The 1799 law was then repealed, and a statute, partly still in effect today, provides that quarantine and health laws are to be enforced through the inspection and unloading of ships and goods -- imports -- and even for the protection of officers in ports of entry where there may be contagious diseases.
But over time, steps toward federal control over quarantine regulations have gradually occurred, going from exclusive state control, to assistance from the federal government, to appropriating money for state quarantine regulations and enforcement, to an entire national system of quarantine -- and now, perhaps even more.
According to CBS News from a memo obtained earlier in the week, the Department of Homeland Security is close to sending out procedures and guidelines to be followed, including quarantines, if a communicable disease is suspected:
The Department of Justice has established legal federal authorities pertaining to the implementation of a quarantine and enforcement. Under approval from HHS, the Surgeon General has the authority to issue quarantines.
Another excerpt from the memo says:
U.S. Customs and Coast Guard Officers assist in the enforcement of quarantine orders. Other DOJ law enforcement agencies including the U.S. Marshals, Federal Bureau of Investigation, and Bureau of Alcohol, Tobacco, Firearms and Explosives may also enforce quarantines. Military personnel are not authorized to engage in enforcement.

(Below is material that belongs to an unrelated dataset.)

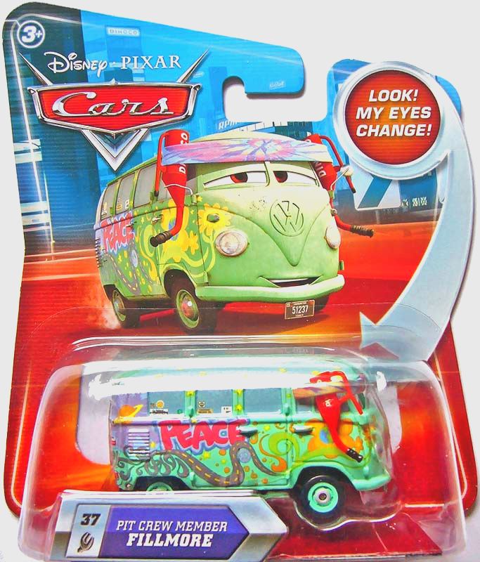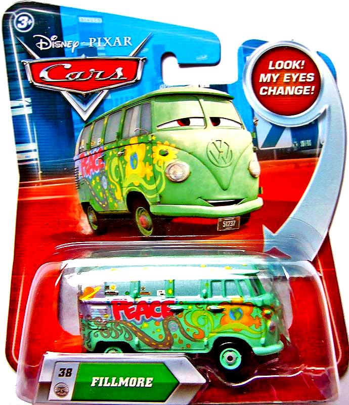 Fillmore is a 1960s Volkswagen Type 2 microbus character from the Disney Pixar Cars film series. As the organic fuel advocate and resident hippie van of Radiator Springs, Fillmore has appeared in multiple Pixar Cars films and shorts since 2006. The full Fillmore die-cast lineup from Mattel spans 20+ years and 45 confirmed variants.

The BATF? Will they confiscate guns in the homes of quarantine victims? Or the alcohol and tobacco?
Before we get too excited that military personnel will not be released on unsuspecting communities that may or may not have a particular contagion, let’s look at the National Strategy for Pandemic Influenza released by the Bush administration in 2005 just to make sure. This plan would see federal money used for the stockpiling and distribution of vaccines and government quarantines and even “limitations on gatherings.” And being a 21st century strategy, it also includes the partnering and cooperation of numerous federal agencies, which brings us back to the military.
The Pentagon has a contingency plan that would allow them to assist in "quarantining groups of people in order to minimize the spread of disease during an influenza pandemic" and aid in "efforts to restore and maintain order." [Emphasis ours.]
While seeming to be thorough in theory and eventually practice with all these strategies and plans to contain and suppress an epidemic, strange it is that Janet Napolitano’s DHS will not allow primary border patrol agents to wear masks while working in close contact with thousands of border crossers and inspecting cars at the southern border where the worst of the virus is supposed to be.
A local ABC news affiliate in San Ysidro reported that border patrol agents formally requested permission to wear masks, and that request has been denied. If the agents do so anyway, they could be penalized.
Labor union representative Harold Washington says the DHS has taken a wrong turn, and that not allowing these simple precautions to be a personal matter is a “travesty.” He more than hints that the border agents are stressed out and that job efficiency could be compromised.
So on the one hand, at least for American citizens living inside the borders, a public health crisis, real or hyped, could serve as the impetus for the trampling and downright abuse of civil rights and individual liberties by a relatively new federal agency. And on the other hand by not being more careful at the border, a virus, real or hyped, could be wildly spread by the very same agency through it’s own contradictive policy.